Segment Start: Exercise materials

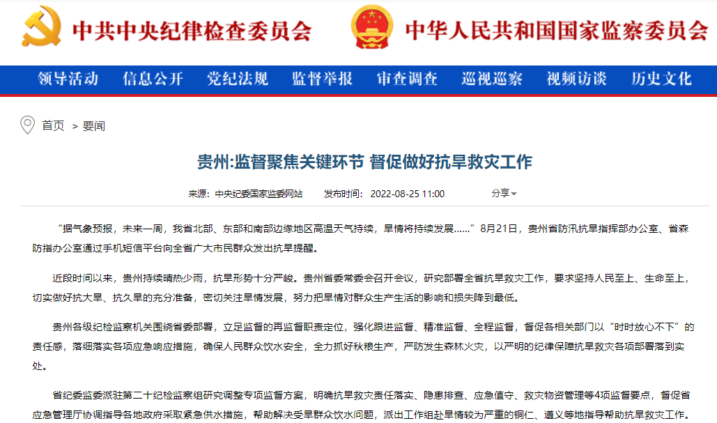 中央纪委国家监委网站|贵州:监督聚焦关键环节 督促做好抗旱救灾工作
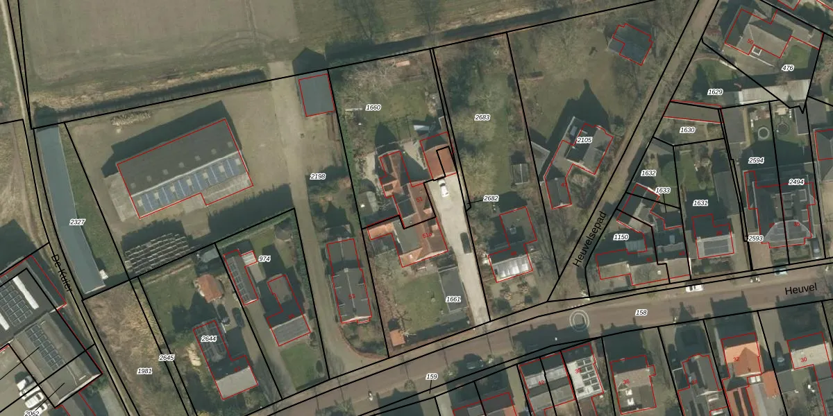 Het perceel waarop Heuvel 51 staat heeft een oppervlakte van 900 m². Dit is een groot perceel. De perceeloppervlakte wordt geregistreerd door het Kadaster. Gedetailleerde informatie over de maten van dit perceel kunt u vinden in het rapport Kadastrale kaart met maatvoering van Heuvel 51.
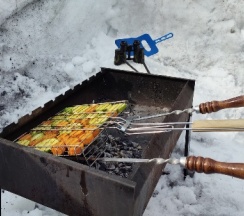 1. Мангальная зона. Ну сделайте вы немного отступ от лестницы дома и поставьте мангал. Прям в упор и на проходе стоит. Возможно это нам так повезло-были узкие дорожки прочищены.
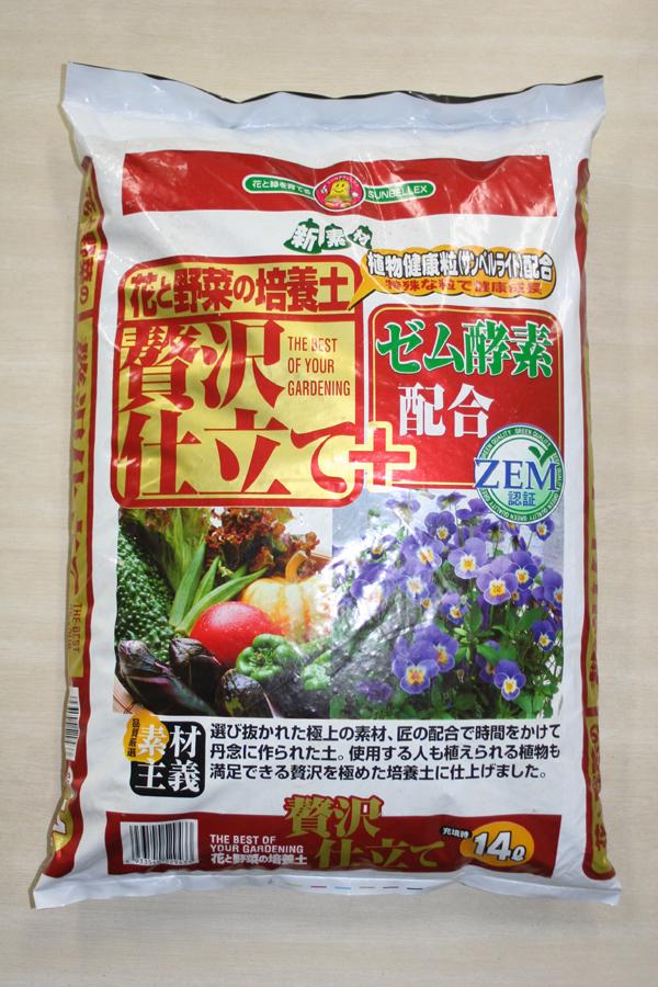 | 極上堆肥・極上赤玉土・極上鹿沼土を中心に贅沢な素材を贅沢に配合しました。肥料成分がバランス良く含まれており、長期間肥料が効き続ける贅沢な培養土です。酸度・肥料成分調整済み。植物に有害な産廃堆肥・汚泥などは一切使用しておりません。使用する人も植えられる植物も満足できる贅沢を極めた培養土です。 |
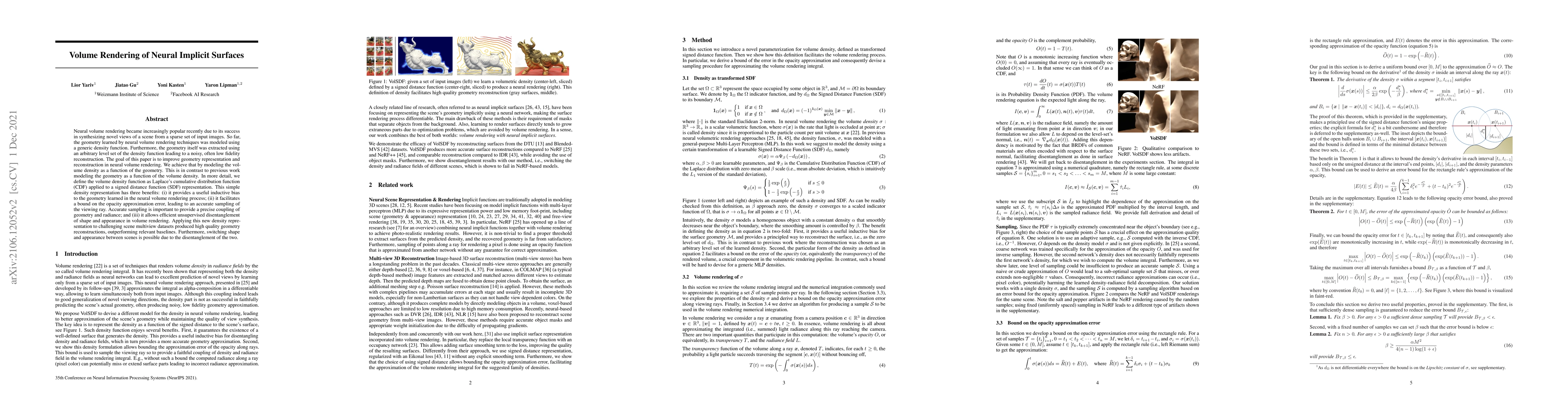 This paper proposes a novel method for neural volume rendering by modeling volume density as a Laplace cumulative distribution function applied to a signed distance function, which enhances geometry representation and reconstruction. This approach provides an inductive bias, improves opacity approximation, and enables efficient unsupervised disentanglement of shape and appearance, leading to high-quality reconstructions and scene switching.

Segment End: Exercise materials

◆ What needs to be done
Give back the material above exactly as written, but omit the images.

◆ Response to the task
 中央纪委国家监委网站|贵州:监督聚焦关键环节 督促做好抗旱救灾工作
 Het perceel waarop Heuvel 51 staat heeft een oppervlakte van 900 m². Dit is een groot perceel. De perceeloppervlakte wordt geregistreerd door het Kadaster. Gedetailleerde informatie over de maten van dit perceel kunt u vinden in het rapport Kadastrale kaart met maatvoering van Heuvel 51.
 1. Мангальная зона. Ну сделайте вы немного отступ от лестницы дома и поставьте мангал. Прям в упор и на проходе стоит. Возможно это нам так повезло-были узкие дорожки прочищены.
 | 極上堆肥・極上赤玉土・極上鹿沼土を中心に贅沢な素材を贅沢に配合しました。肥料成分がバランス良く含まれており、長期間肥料が効き続ける贅沢な培養土です。酸度・肥料成分調整済み。植物に有害な産廃堆肥・汚泥などは一切使用しておりません。使用する人も植えられる植物も満足できる贅沢を極めた培養土です。 |
 This paper proposes a novel method for neural volume rendering by modeling volume density as a Laplace cumulative distribution function applied to a signed distance function, which enhances geometry representation and reconstruction. This approach provides an inductive bias, improves opacity approximation, and enables efficient unsupervised disentanglement of shape and appearance, leading to high-quality reconstructions and scene switching.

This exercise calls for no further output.